# Northern Ireland Meet



## sniper-sam (Jan 23, 2007)

Hi guys

i know these have died down considerably after having a good "run" of them.
Sooooooo is there any interest in having a reunion in the new year? Plus anyone who hasnt attended before of course.
Usual place, Halfords carpark Newtownabbey for 11am.....ish.

Sam
Pete
Steve Mac
Richard
Steve


----------



## ttnoir (Nov 30, 2007)

I'm up for it. Fingers crossed I can get the car running right!


----------



## BelfasTT (Nov 30, 2008)

I would hope to make it along, could not make the last meet.


----------



## Petesy (May 17, 2007)

ohhhh, ok then sam
good man


----------



## SteviedTT (Apr 10, 2009)

I'll make the numbers up to 5 :? Never been to a meet before, belfasTT tipped me off about this one.


----------



## Pete225 (Feb 9, 2004)

I'll be up for it. The TT has gone, but so what. Happy christmas fellow NIers


----------



## sniper-sam (Jan 23, 2007)

Excellent! Posted this then forgot about it :lol: not getting my email notifications to replies.
Anyway if we could all post our real names :lol: and i will update my first post with all those hoping to attend.
A date can be arranged later hopefully to suit all.
Pete would be good to see the new 4.


----------



## SteviedTT (Apr 10, 2009)

My name is Steve Dennis, hoping to attend, but don't know what work has planned for me in the new year yet :?


----------



## Petesy (May 17, 2007)

3 or 10 jan suits me at the moment


----------



## ttnoir (Nov 30, 2007)

ttnoir aka Carlos


----------



## StevieMac (Feb 18, 2006)

Happy New Year

I haven't been on the forum since May 2009!!!! 

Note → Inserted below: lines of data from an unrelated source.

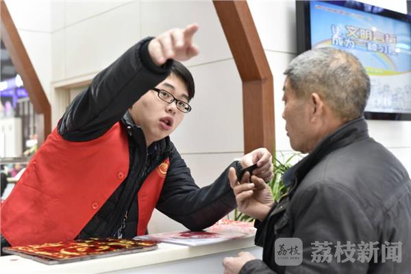 在徐州东站,上午8:30,闸机口的志愿者“志愿小彭”们准时上岗,站在中间和一侧的同学共两名,维护着现场秩序,使乘客们有序的站在黄线外等候。在电梯口旁,一位老爷爷不知道在哪检票上车,志愿者第一时间为他指明方向并帮助他把行李搬上楼。
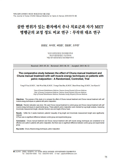 출처 | 골반 변위가 있는 환자에서 추나 치료군과 자가 MET 병행군의 교정 정도 비교 연구 : 무작위 대조 연구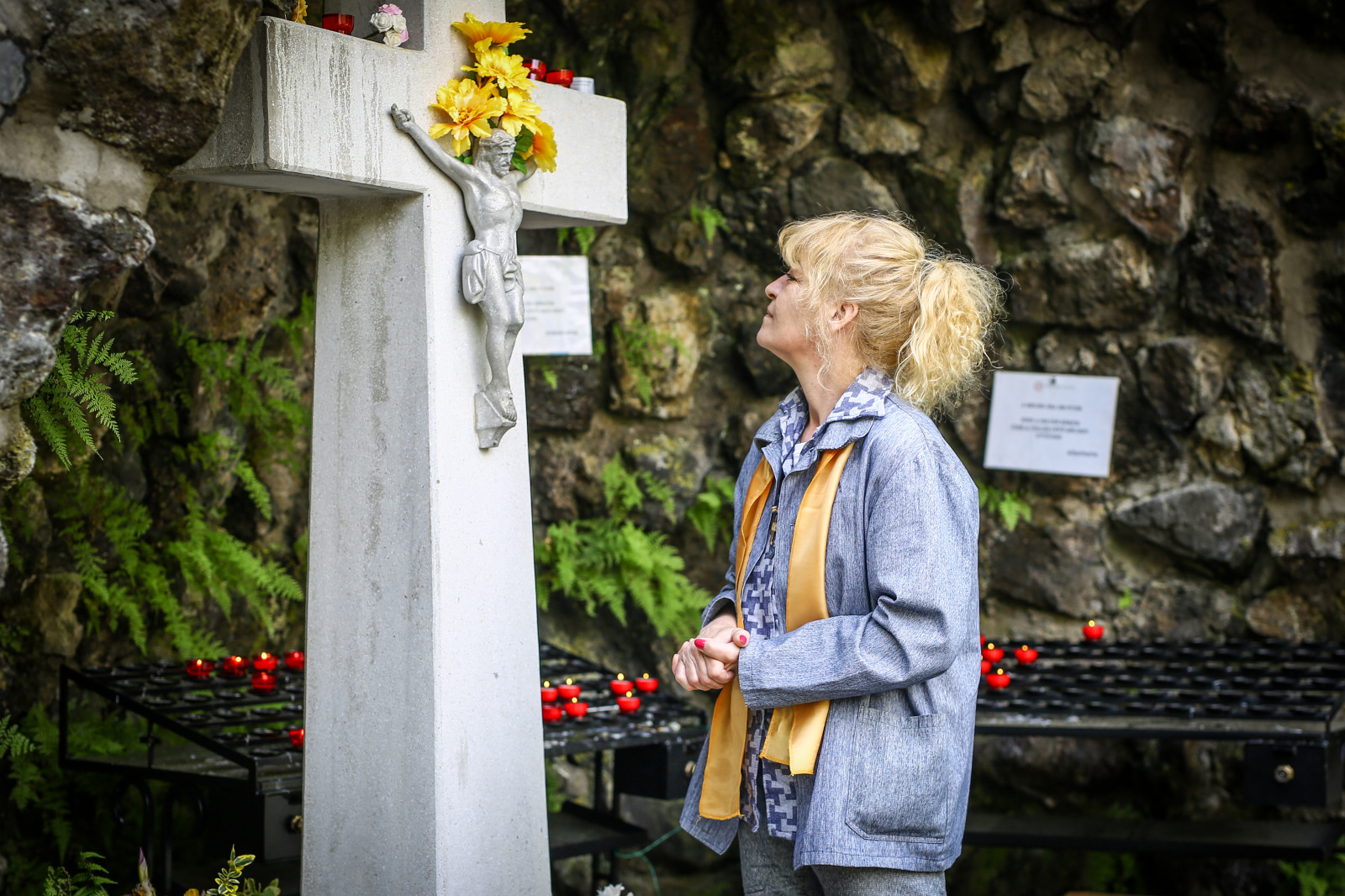 Andrea is, akivel a zarándoklat vége felé beszélgettem, ott volt a könyörgők között, s azt kérte Istentől, ne vegye le a szemét róla. A negyvenes évei végén járó nő, aki október közepén hagyhatja el a börtönt, úgy érzi, az igazságszolgáltatás áldozata. Ő csak végezte a pénzügyi munkáját, és kellett valaki, aki elvigye a balhét – mondta. Az, hogy mindent Istennel beszél meg, a börtönben alakult ki. Előtte is hitt a pozitív gondolkodásban, a szeretetben, de rá kellett jönnie, hogy hiába hiszünk a szeretet törvényében, megjelenik a félelem az életünkben, és ezáltal elvesztünk mindent, vagy fokozatosan, vagy egyszerre. „Lehet Isten nélkül elkezdeni az életünket, de nem lesz elég kitartásunk, nem leszünk kősziklák. Úgy viszont, hogy Istennel vagyunk és ő munkálkodik bennünk, olyan dologra vagyunk képesek, amit korábban nem is gondoltunk volna magunkról.”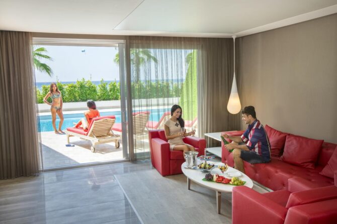Роскошный бутик — отель находится в респектабельном районе Анталии Лара, на первой береговой линии и предлагает своим гостям незабываемый сервис. Номерной фонд премиум — класса от сьютов до президентских люксов и огромных семейных номеров уникален в своей отделке и комфортабельности. Комнаты с элегантными интерьерами имеют мягкое ковровое покрытие и приятную мебели, гостиную с выходом на балкон, откуда открываются потрясающие виды на море.

So what date are we talking about Sam?


----------



## sniper-sam (Jan 23, 2007)

:lol: at least your back now.
Pete had suggested next Sunday, that suits me.


----------



## StevieMac (Feb 18, 2006)

Yes back until I get very busy again! Next Sunday (10th) suits me......11.30 Halfords rings a bell.

So what part of the country are we visiting?


----------



## sniper-sam (Jan 23, 2007)

Name added to the list.
Dont really mind steve, anyone any suggestion for a destination?


----------



## 04DTT (Apr 7, 2006)

StevieMac said:


> Happy New Year
> 
> I haven't been on the forum since May 2009!!!!
> 
> So what date are we talking about Sam?


Welcome back


----------



## sniper-sam (Jan 23, 2007)

Dec are you able to manage this one?


----------



## nylo (Oct 29, 2009)

How did it go, guys? Did you get out for a spin? 8)


----------



## sniper-sam (Jan 23, 2007)

Hey mate.
Hopefully this Sunday if your up for it?


----------



## Pete225 (Feb 9, 2004)

I will not be able to make this one, off on hols for a bit of sun later this week. Enjoy (assuming the weather is OK)


----------



## 04DTT (Apr 7, 2006)

sniper-sam said:


> Dec are you able to manage this one?


Sam,

Wont be able to make this one. Hopefully be able to make one some time soon.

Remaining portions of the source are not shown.